For Irish Up, ELT and anyone else who's interested

As I was falling asleep last night, I took one of those brain leaps.  Learning about epigenetics, I want to put the question out there:

How much of the increase in the world's poor mental health  today is a result of the stress that our parents,  grandparents and great-grandparents went though during two world wars, passed on to via epigenetics?

7 comments:

  1. Whew! C, you might want to ease back on the funny mushrooms right before bedtime ;).

    So first? Do we *know* that there is an increase in poor mental health? globally? Let us leave aside definitions of good vs poor mental health - that's a bag of angry, wet cats. Let us just posit that there *is* GMH and PMH and that we can take people and put them into one or the other bucket with some reliability.
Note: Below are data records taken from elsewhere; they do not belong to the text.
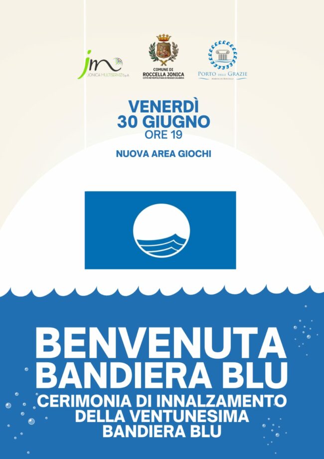 Si svolgerà il prossimo venerdì 30 giugno la cerimonia di benvenuto alla “Bandiera Blu 2023”, il prestigioso riconoscimento simbolo di mare pulito, qualità e sicurezza dei servizi in spiaggia e attenzione all’ecosostenibilità, che la FEE (acronimo di “Foundation for Environmental Education”) ha conferito per il 21 anno consecutivo al Comune di Roccella e per il 7 anno di fila all’approdo turistico Porto delle Grazie.
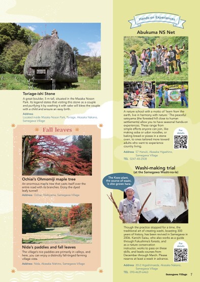naHds-onExperiencesAbukumaNSNetToriage-ishiStoneAgreatboulder,5mtall,situatedintheMazakaNosonPark.Itslegendstatesthatvisitingthisstoneasacoupleandpurifyingitbywashingitwithsakewillblessthecouplewithachildandensureaneasybirth.AddressLocatedinsideMazakaNosonPark,Toriage,AkasakaNakano,SamegawaVillageFallleavesAnatureschoolwithamottoof‘learnfromtheearth,liveinharmonywithnature.’Thepeacefulsatoyama(theforestedhillclosetohumansettlements)allowyoutohaveseasonalhands-onexperiences.Theserangefromsimpleeffortsanyonecanjoin,likemakingsobaorudonnoodles,orbakingbreadorpizzasinastoneoven,toonestailoredmoretowardadultswhowanttoexperiencecountryliving.Address57Hanuki,AkasakaHigashino,SamegawaVillageTEL0247-48-2508detailsForOchiai’sOhmomijimapletreeAnenormousmapletreethatcastsitselfovertheentireroadwithitsbranches.Enjoythedyedleafytunnel!AddressOchiai,Nishiyama,SamegawaVillageTheKozoplant,thesourceofwashi,isalsogrownhere.Washi-makingtrial(attheSamegawaWashi-no-Ie)Nida’spaddiesandfallleavesThevillage’sricepaddiesareprimarilyinvalleys,andhere,youcanenjoyadistinctlyfall-tingedfarmingvillagevista.AddressNida,AkasakaNishino,SamegawaVillageThoughthepracticestoppedforatime,thetraditionalartofcreatingwashi,boasting300yearsofhistory,hasbeenrevivedinSamegawain2006.KanichiSaisu,whoalsoworksasaguidethroughFukushima’sforests,andasanatureconservationinstructor,workstopassontheseskills,andleadscoursesfromDecemberthroughMarch.Pleasereserveatleastaweekinadvance.detailsForAddress20-2Higashimaeda,AkasakaNakano,SamegawaVillageTEL090-4639-64637
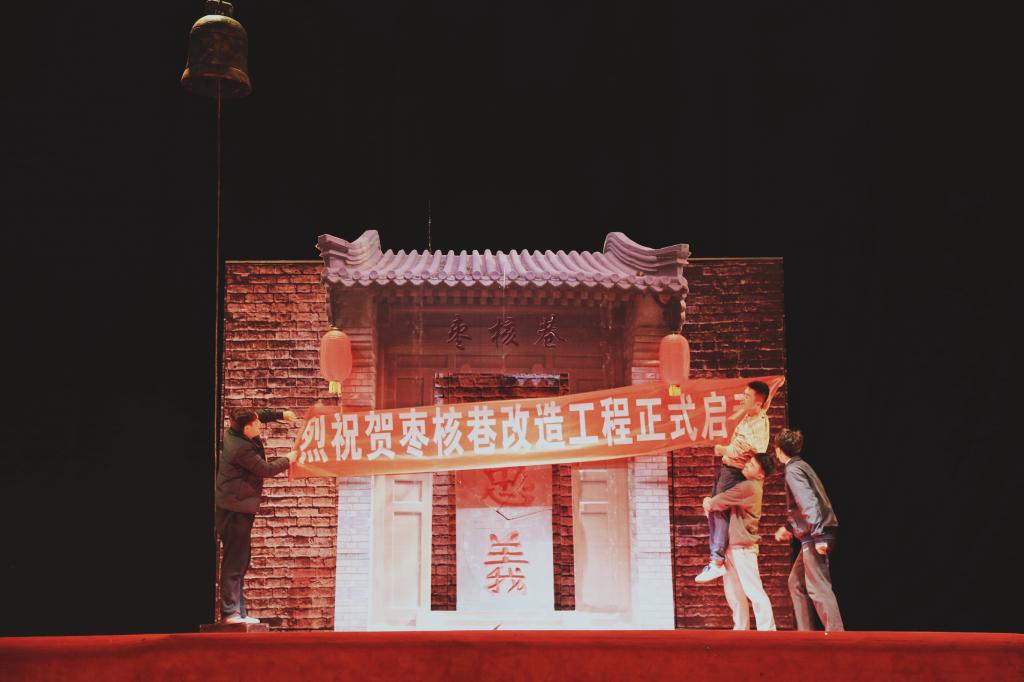 我校話劇作品《棗核巷》由南璐編劇,李俊強、李磊導(dǎo)演,12月4日在文體館進行首演。該劇講述了一條有著百余年歷史的小巷,飽經(jīng)滄桑和磨難的發(fā)展歷程。展現(xiàn)了時代和人的心理情感上的發(fā)展變化。劉薇薇和劉芳芳就是在這樣的背景下成長起來的兩個年輕人,她們倆勤奮好學(xué)、努力上進,一心想著改變自己和小巷的命運,卻因為命運的選擇最終走上了兩條截然不同的道路:劉薇薇與高富帥李鑫喆走在了一起,與原來的男朋友-小巷里的發(fā)小趙磊分了手,打算畢了業(yè)就和李鑫喆結(jié)婚,去過富裕的生活;而妹妹劉芳芳卻依然保持著本色,畢業(yè)后當(dāng)了棗核巷地區(qū)的大學(xué)生村官,致力于改造本地的工作,帶動大家共同致富。然而造化弄人,李鑫喆欺騙了劉薇薇姐妹倆和棗核巷的眾鄉(xiāng)親,攜棗核巷地區(qū)改造集資款逃跑,給棗核巷造成了巨大的經(jīng)濟損失。人們不得不紛紛背井離鄉(xiāng),外出打工,只留下劉芳芳和幾位族長繼續(xù)奔走于改造工作。最后,在政府的關(guān)懷下,棗核巷終于改造成功,被迫在外漂泊的人們又重新回到了故土。
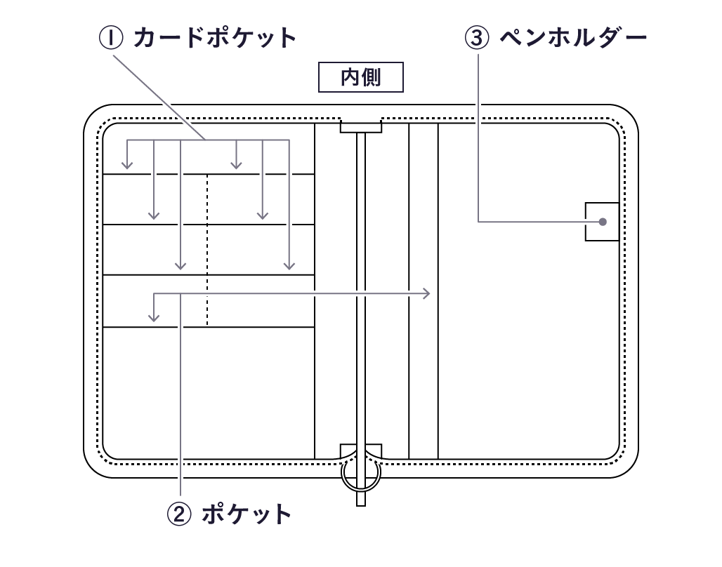 180度平らに開くカバーの構造上、カバー表面の縫製がギャザーのように見えるものもあります。また裏地のたるみがでることがあります。あらかじめご了承ください。
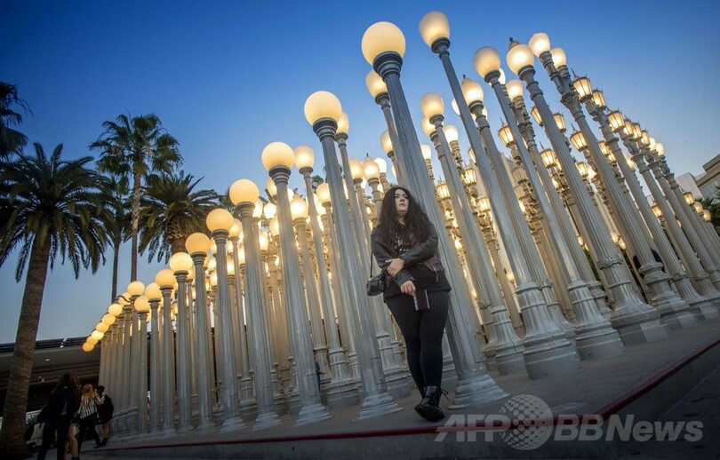 【2月18日 AFP】米カリフォルニア(California)州のロサンゼルス郡立美術館(Los Angeles County Museum of Art)前に08年に設置された現代美術家、故クリス・バーデン(Chris Burden)の作品「アーバンライト(Urban Light)」が、結婚したカップルの間で記念写真を撮影する人気スポットとなっている。
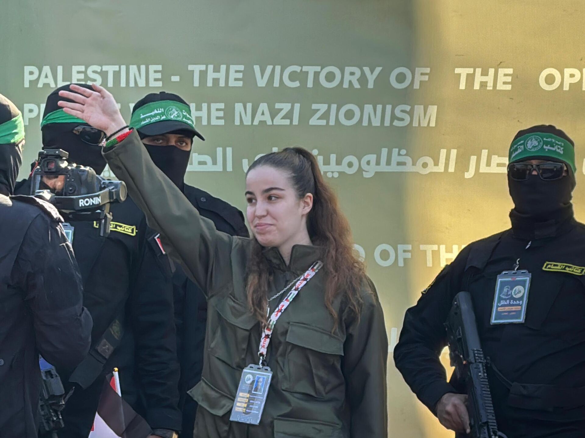 La soldado sonrió levemente y saludó con la mano antes de que bajar de un escenario y ser llevada a un vehículo de la Cruz Roja que la llevará a un equipo de militares y personal de inteligencia israelí que la llevarán a Israel.
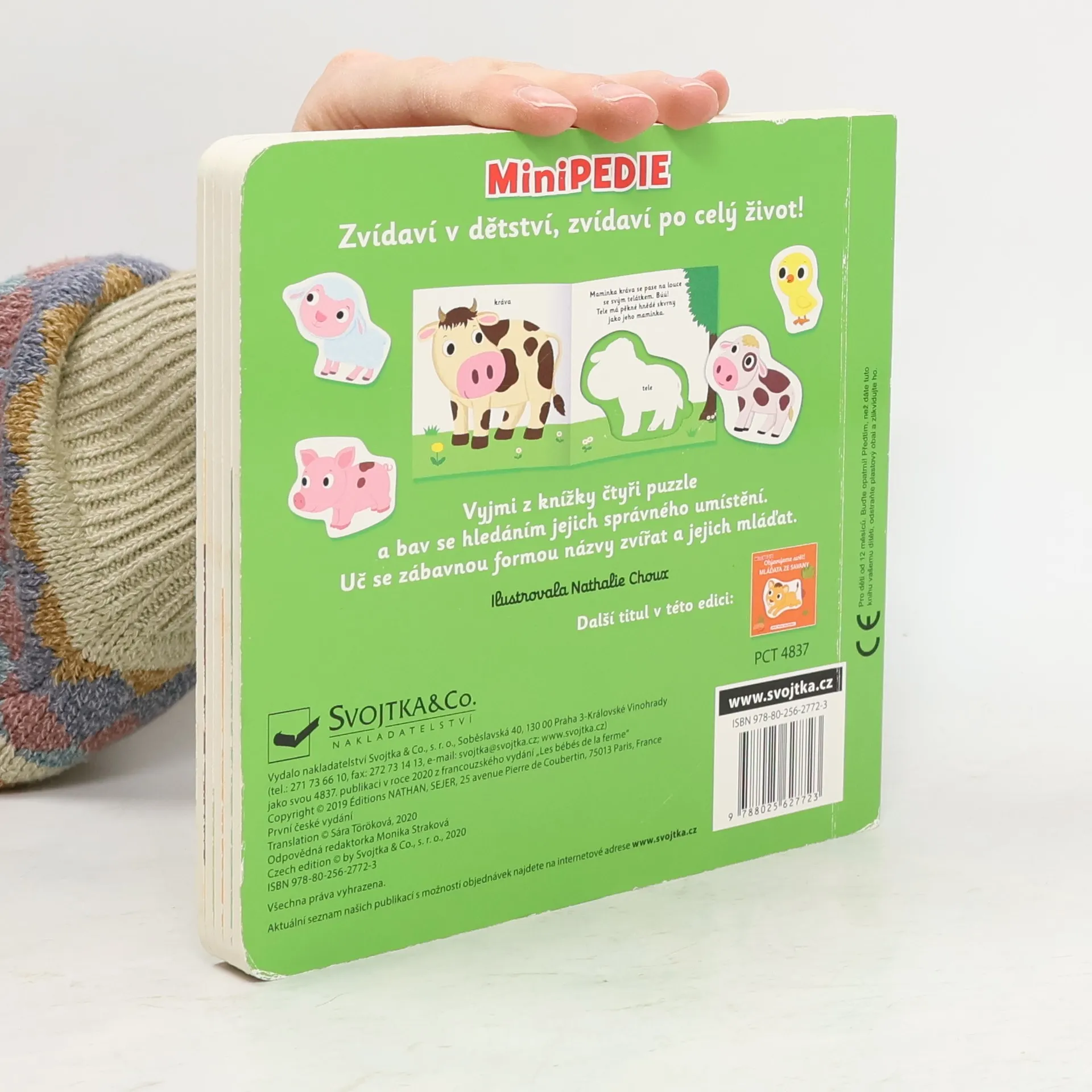 Sele se stočeným ocáskem nebo skrvnité telátko po mamince… slož a zase rozlož! Uč se se zvířátky. Tato knížka obsahuje velké kusy puzzle a je zaměřená na mláďátka z farmy. Roztomilé ilustrace a krátké popisky jsou ideální jak na hraní, tak i objevování a dozvídání se nových informací o obyvatelích každé správné farmy. Velké a především pevné kusy puzzle jsou vhodné pro malé dětské ruce a zaručí, že přežijí nejedno poutavé hraní. Toto leporelo je vhodné pro nejmenší čtenáře, protože procvičí jak jemnou motoriku, tak napomůže s rozvojem schopností skládat a přiřazovat správné objekty dohromady. Knížka s prvky Montessori. České vydání publikace nakladatelství Nathan.
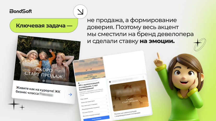 Главный KPI этого этапа — не лиды, а доверие к застройщику. Мы акцентировали внимание на бренде и его статусе генерального подрядчика — чтобы люди понимали: проект реален, за ним стоит сильный девелопер.
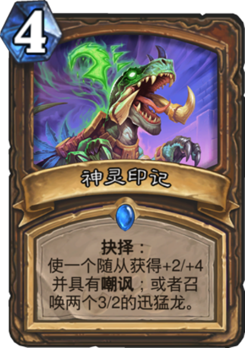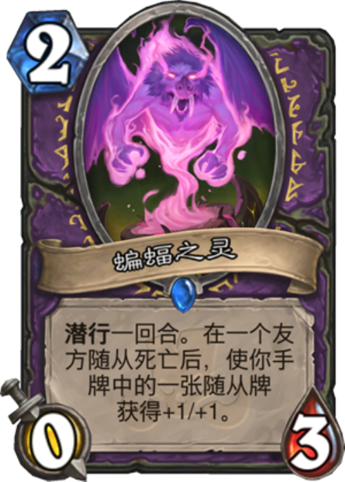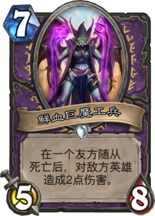 758还是亏了一些身材的,这张牌感觉有点不伦不类,效果明显是快攻的,但费用太高,还需要随从死了才能发挥(to play)效果,如果没有想到配合的套路的话,应该是没什么出场机会的。
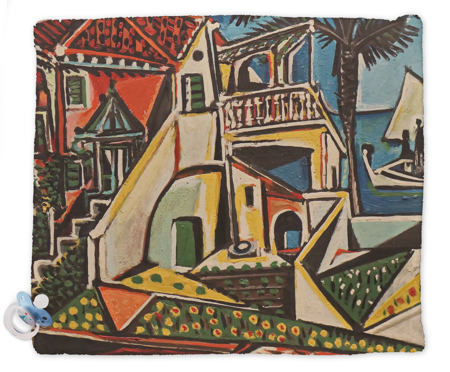 This particular piece was completed in 1952, after Picasso's cubism style was developed. The choppy and irregular shapes resemble a collage or synthetic cubism. Synthetic cubism is the use of cut paper fragments, wallpaper or newspaper, pasted together in order to create a composition. This style was a way to analyze objects by their shape.

    Now, we're also going to have to deal with the apples & oranges problem of which people, so let's say we're comparing middle class, western adults born 1860-1880 vs 1960-1980. See! Already we've had to toss "global" out of our model, and eventually we'd have to account for race, gender and ethnicity - a whole *other* bag of angry cats.

    Limited and reductionistic as this model is, I'm not so sure that we would find huge differences in GMH/PMH ratios in our two cohorts. What we might reasonably expect to see are:
    - Differences in whether $_Diagnosis X is considered GMH or PMH. Example: melancholia or "prolonged grieving" was not seen as problematic in the Victorian period. Now, like as not your GP would slap Mood Disorder NOS on your chart and prescribe some bupropion or something.
    - Differences in diagnoses period. Anyone been diagnoses with Hysteria lately? (TYVM but my uterus appears to be perfectly stationary!) And that's not even getting into REALLY problematic territory like "Drapetomania" & "Sex addiction".
    - Differences in the MIX of diagnoses. Shifting demographics and exposures mean differing vulnerabilities. Take an occupational exposure example: Mad Hatters disease (essentially mercury poisoning) vs. concussion trauma syndrome of contact sport athletes. Not a large portion of total population is/was either a Haberdasher* or Pro Athlete, but the risks of one vs the other, even within the professions, have changed over time. Also, see syphillis.

    That said, I have to confess that I do believe modern western culture - specifically the Anglo culture we share, despite our language differences - is an environment that fosters phenotypic expression of a lot of mental health vulnerabilities, and provides less societal amelioration than may have historically been the case. But I'm hesitant to hang my hat on this**, because I didn't live then. IDK about you, but I'm pretty sure an arranged marriage at 16 would NOT have fostered my own healthy psyche!

    So ….. We'll just have to get our hands on a TARDIS to work this one through.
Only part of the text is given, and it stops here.